蒂斯代尔:我们小组还讨论了到目前为止我们对这个地方的感受,许多人提到了他们对南极洲环境和野生动物的保护。我们的一位小组负责人提出了一个让我印象深刻的观点:他说,我们需要以我们在这里感受到的同样的敬畏和保护来看待我们来自哪里。这真的让我印象深刻,因为我确实意识到,我从来没有像现在这样敬畏我的家乡。

Walsh:这时我的观点才真正发生了变化。我从觉得有必要把每一个细节都写下来,到把所有东西都浸泡进去。在剩下的旅程中,一种平静和惊奇的感觉充满了我的身体。我不想再写了:事实上,我不得不强迫自己跟上我的写作。我知道没有什么能形容我在这次旅行中有幸遇到的经历。这就像一个开关被翻转了。

1 月 10 日至 12 日:回归、德雷克摇晃、反思

蒂斯代尔:当我们离开时,这艘船遇到了一个巨大的逆戟鲸群。放眼望去,到处都是逆戟鲸、成人和婴儿。这一刻让我感受到了很多东西,但最重要的是,我感到钦佩、敬畏和喜爱。人们非常钦佩这些生物的美丽和天生的好奇心,对它们来说如此正常的活动对我们来说是一个令人惊奇和独特的奇观,最后,对野生动物的感情如此之深,这些野生动物对那里的船只如此无忧无虑和无忧无虑。

沃尔什:南极洲是一个与地球上其他任何地方都不一样的地方。它是不可替代的,野生动物是不可替代的。来到这里,看到这一切——令人惊叹的野生动物、冰川崩塌和广阔而美丽的风景——是每个人都应该能够体验到的,但与此同时,没有人应该能够体验到。这个地方太特别了。

蒂斯代尔:我们在回来的路上经历了“德雷克摇晃”,海浪超过20英尺。我对海洋怀有极大的敬意和钦佩。它是如此美丽,但你仍然不得不承认它是多么强大和危险。回程真的让我想起了我在家时是多么的脱节,让我提高了我的全球意识,因为那里确实有我们并不总是承认的整个世界。

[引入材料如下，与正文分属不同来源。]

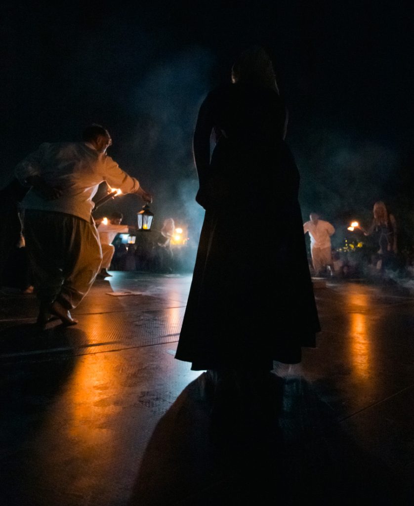 La «Noite Meiga» es una festividad celebrada en Sarria el último sábado de agosto. Después de la medianoche se realiza la «Danza da Noite Meiga», en la que las «Meigas» y los «Trasgos» bailan con antorchas para espantar a los malos augurios cantando un conjuro para alejar los males.

Bisson:我从这次旅行中得到的主要收获之一是一位探险向导在十二生肖游轮上说的话:“永远不要忘记现在的力量。花点时间静静地坐着,感受一下你在空间中的确切时间所处的位置,感受一下你脚下和你周围的东西。这意味着,并非您在您面前看到的所有东西都需要通过技术或口头确认来捕捉。在那一刻,它可以被见证和体验到最充分的体验。

蒂斯代尔:当我们回到乌斯怀亚时,看到我们从第一天开始变得如此亲密,真是太酷了,我很高兴我们有这个地方可以回家。我们必须亲自发现这个地方的文化和生活,并能够在其中制作我们自己的故事。

Walsh:总的来说,我在这两个新大陆的经历真的促使我享受每一分钟,并利用所有呈现给我的机会。我想继续把自己推出舒适区,享受这个世界所提供的所有美丽。

Bisson是双专业,在森林资源与环境保护系学习环境保护与社会,在文理与人文科学学院学习政治学。蒂斯代尔在鱼类和野生动物保护部主修野生动物保护。Walsh在农业与生命科学学院主修动物和家禽科学。